Step 6: Update the interval for the next iteration. Since the root is between a and c, set b = c.

Step 7: Repeat the Regula-Falsi Method using the updated interval [1, 1.25].

Step 2: Calculate the function values at the updated guesses, f(a) = -1 and f(b) = -0.546875.

Step 3: Calculate the new guess using the formula:

c = (af(b) – bf(a)) / (f(b) – f(a))

= (1 * (-0.546875) – 1.25 * (-1)) / (-0.546875 – (-1))

= 1.4

Step 4: Calculate the function value at the new guess, f(c) = (1.4)^{3} – 3(1.4) + 1 = 0.084.

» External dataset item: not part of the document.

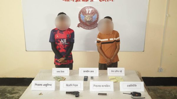 ঢাকা, ১২ অক্টোবর ২০২৫ (রবিবার): গত ১১ অক্টোবর ২০২৫ তারিখ দুপুরে সুনির্দিষ্ট গোয়েন্দা তথ্যের ভিত্তিতে পার্বত্য চট্টগ্রামের রাঙামাটি জেলার বগাছড়ি এলাকায় একটি বিশেষ চেকপোস্ট স্থাপন করে চলাচলরত যানবাহনে সেনাবাহিনী কর্তৃক তল্লাশি অভিযান পরিচালনা করা হয়। অভিযানকালে, সেনাবাহিনীর সদস্যদের উপস্থিতি টের পেয়ে চেকপোস্ট অভিমুখে আগত একটি মোটরসাইকেল প্রায় ১৫০ মিটার দূরে থেমে পালানোর চেষ্টা করে। সেনাবাহিনীর সদস্যরা দ্রুততার সাথে মোটরসাইকেলসহ দুই আরোহীকে আটক করে। প্রাথমিক জিজ্ঞাসাবাদ ও পূর্বে সংগৃহীত ছবি থেকে নিশ্চিত হওয়ার মাধ্যমে ইউপিডিএফ এর পোস্ট কমান্ডার কর্ম চাকমা ও তার সহযোগী লেলিন চাকমা’কে আটক করা হয়। পরবর্তীতে, তল্লাশি করে তাদের কাছ থেকে ০১টি পিস্তল ও ০১টি ম্যাগাজিন, ০৩ রাউন্ড অ্যামুনিশন, ০১টি ওয়াকিটকি সেট, ০২টি মোবাইল ফোন ও ০২টি চাঁদা আদায়ের রসিদ উদ্ধার করা হয়।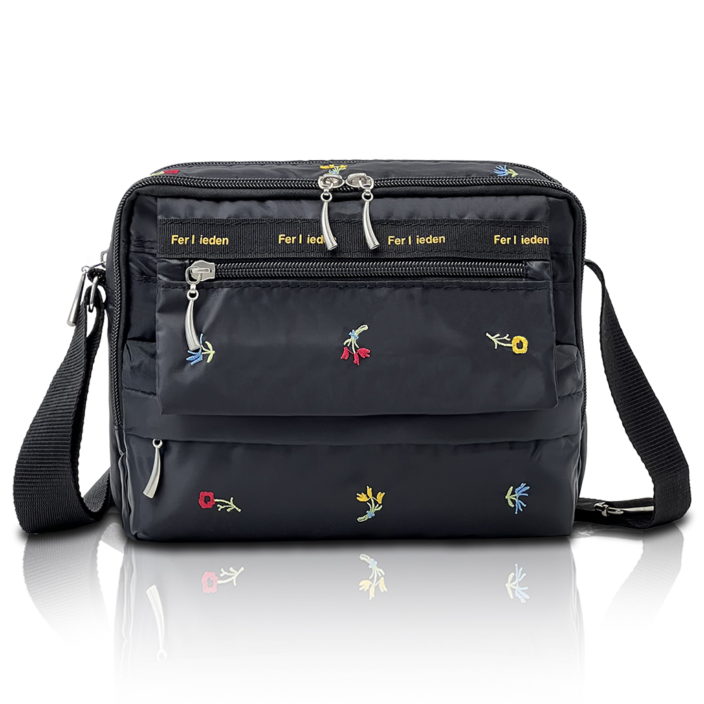 花刺繍ショルダーバッグ 4792 [Ferlieden フェアリーデン] ボンディング素材 軽量 収納力抜群 かわいい

Step 5: Determine whether the root lies between a and c or between c and b by checking the sign of f(c). Since f(c) is positive, the root must lie between c and b.

Step 6: Update the interval for the next iteration. Since the root is between c and b, set a = c.

Step 7: Repeat the Regula-Falsi Method using the updated interval [1.4, 1.25].

Step 2: Calculate the function values at the updated guesses, f(a) = 0.084 and f(b) = -0.546875.

Step 3: Calculate the new guess using the formula:

c = (af(b) – bf(a)) / (f(b) – f(a))

= (1.4 * (-0.546875) – 1.25 * 0.084) / (-0.546875 – 0.084)

= 1.468071735

Step 4: Calculate the function value at the new guess, f(c) = (1.468071735)^{3 }– 3(1.468071735) + 1 = -0.000004.

Step 5: Determine whether the root lies between a and c or between c and b by checking the sign of f(c). Since f(c) is negative, the root must lie between a and c.

Step 6: Update the interval for the next iteration. Since the root is between a and c, set b = c.

Step 7: Repeat the Regula-Falsi Method using the updated interval [1.4, 1.468071735].

Step 2: Calculate the function values at the updated guesses, f(a) = 0.084 and f(b) = -0.000004.

Step 3: Calculate the new guess using the formula:

c = (af(b) – bf(a)) / (f(b) – f(a))

= (1.4 * (-0.000004) – 1.468071735 * 0.084) / (-0.000004 – 0.084)

= 1.442249570

Step 4: Calculate the function value at the new guess, f(c) = (1.442249570)^{3} – 3(1.442249570) + 1 = -0.000635.

Step 5: Determine whether the root lies between a and c or between c and b by checking the sign of f(c). Since f(c) is negative, the root must lie between a and c.

Step 6: Update the interval for the next iteration. Since the root is between a and c, set b = c.

Step 7: Repeat the Regula-Falsi Method using the updated interval [1.442249570, 1.468071735].

Step 2: Calculate the function values at the updated guesses, f(a) = -0.000635 and f(b) = -0.000004.

Step 3: Calculate the new guess using the formula:

c = (af(b) – bf(a)) / (f(b) – f(a))

= (1.442249570 * (-0.000004) – 1.468071735 * (-0.000635)) / (-0.000004 – (-0.000635))

= 1.442249572

Step 4: Calculate the function value at the new guess, f(c) = (1.442249572)^{3} – 3(1.442249572) + 1 = -0.000000002.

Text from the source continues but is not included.